## RECORDED DATA
---+---

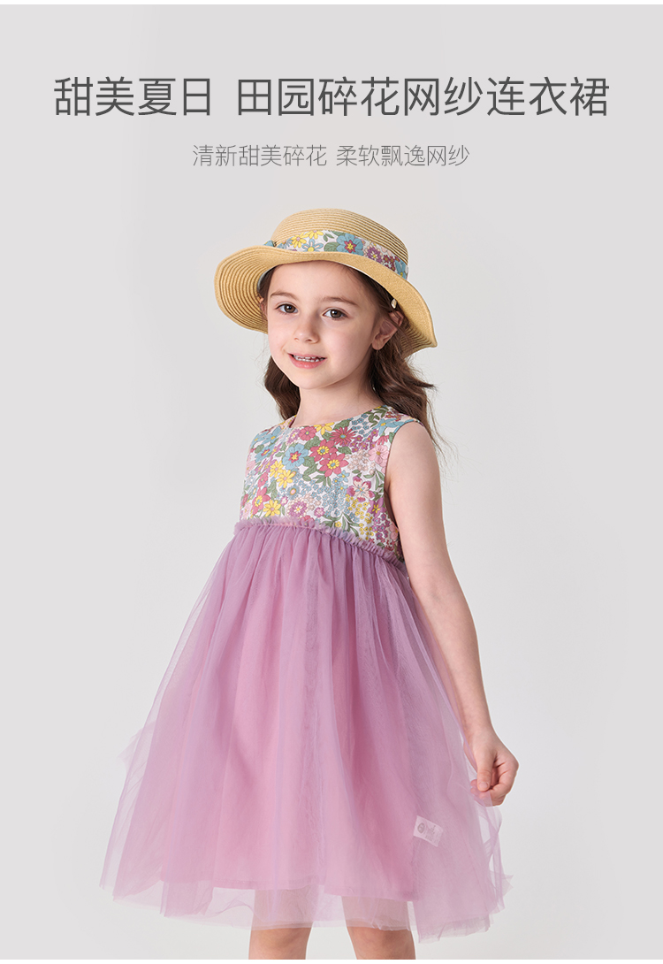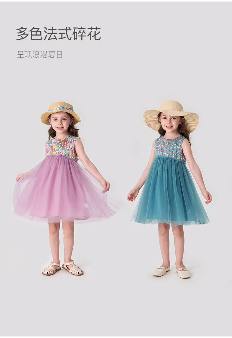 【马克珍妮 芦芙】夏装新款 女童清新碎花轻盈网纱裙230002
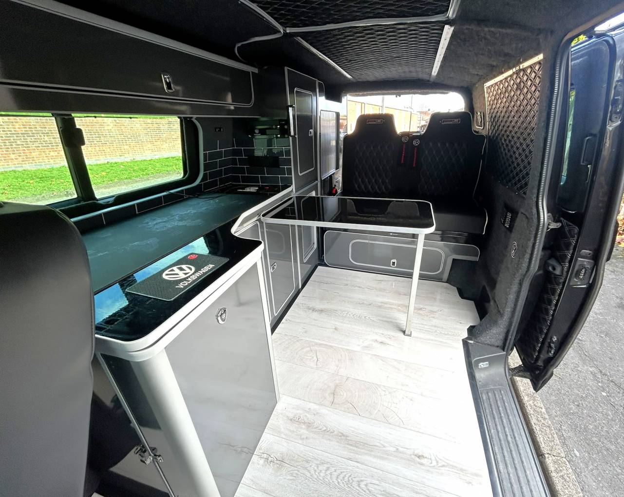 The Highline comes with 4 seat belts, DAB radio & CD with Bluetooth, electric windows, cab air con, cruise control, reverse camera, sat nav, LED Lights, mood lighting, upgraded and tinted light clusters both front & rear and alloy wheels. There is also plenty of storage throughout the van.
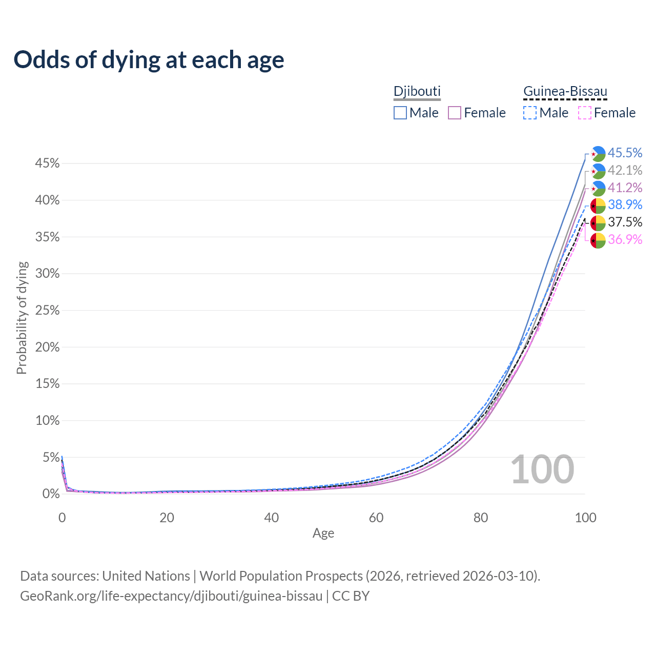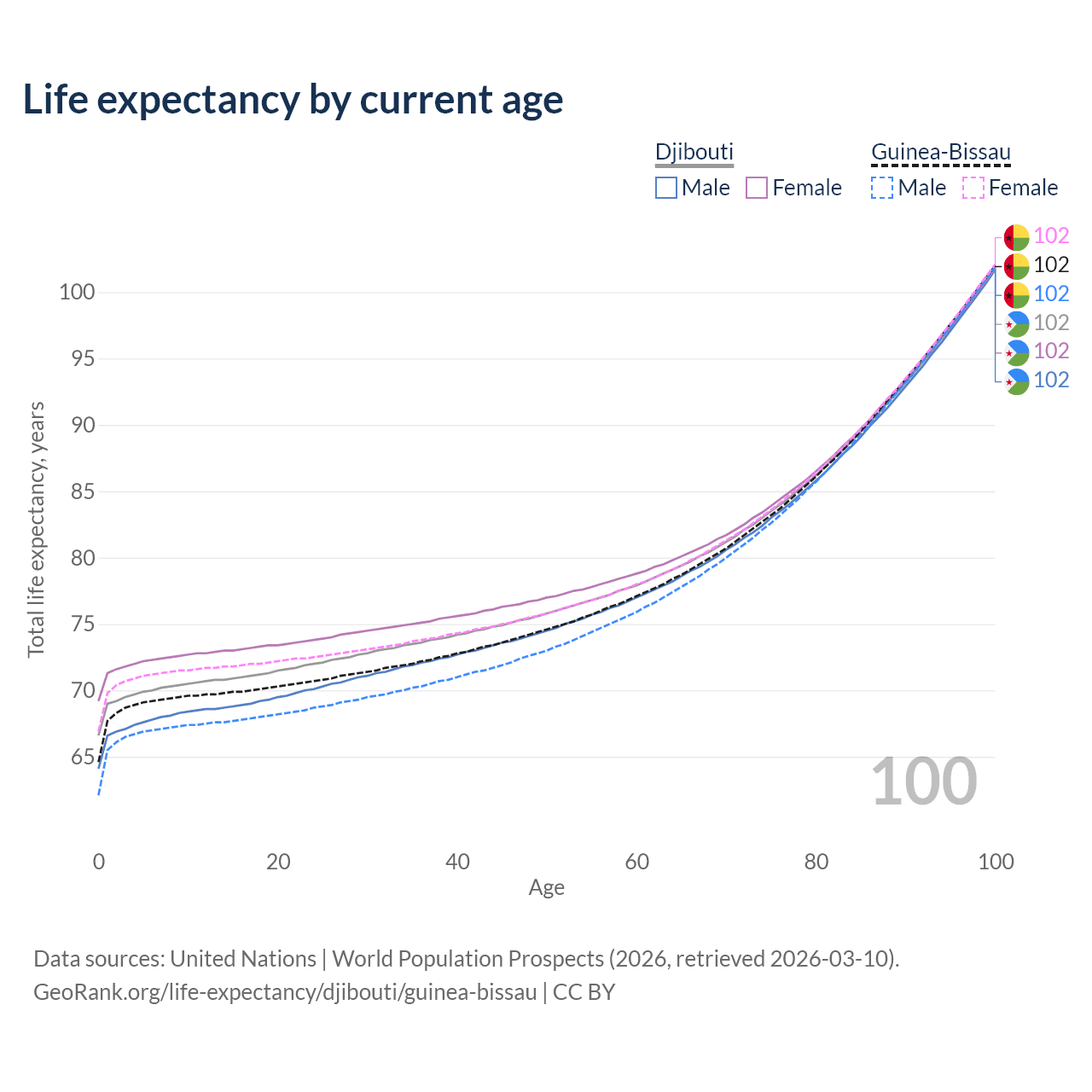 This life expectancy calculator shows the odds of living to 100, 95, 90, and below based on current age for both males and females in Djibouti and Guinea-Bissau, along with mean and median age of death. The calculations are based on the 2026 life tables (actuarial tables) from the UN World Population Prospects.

---+---

## HOW TO COMPLETE THIS TASK
Set aside the pictures. Then return every line of the material above verbatim.

## EXERCISE ANSWER
 【马克珍妮 芦芙】夏装新款 女童清新碎花轻盈网纱裙230002
 The Highline comes with 4 seat belts, DAB radio & CD with Bluetooth, electric windows, cab air con, cruise control, reverse camera, sat nav, LED Lights, mood lighting, upgraded and tinted light clusters both front & rear and alloy wheels. There is also plenty of storage throughout the van.
 This life expectancy calculator shows the odds of living to 100, 95, 90, and below based on current age for both males and females in Djibouti and Guinea-Bissau, along with mean and median age of death. The calculations are based on the 2026 life tables (actuarial tables) from the UN World Population Prospects.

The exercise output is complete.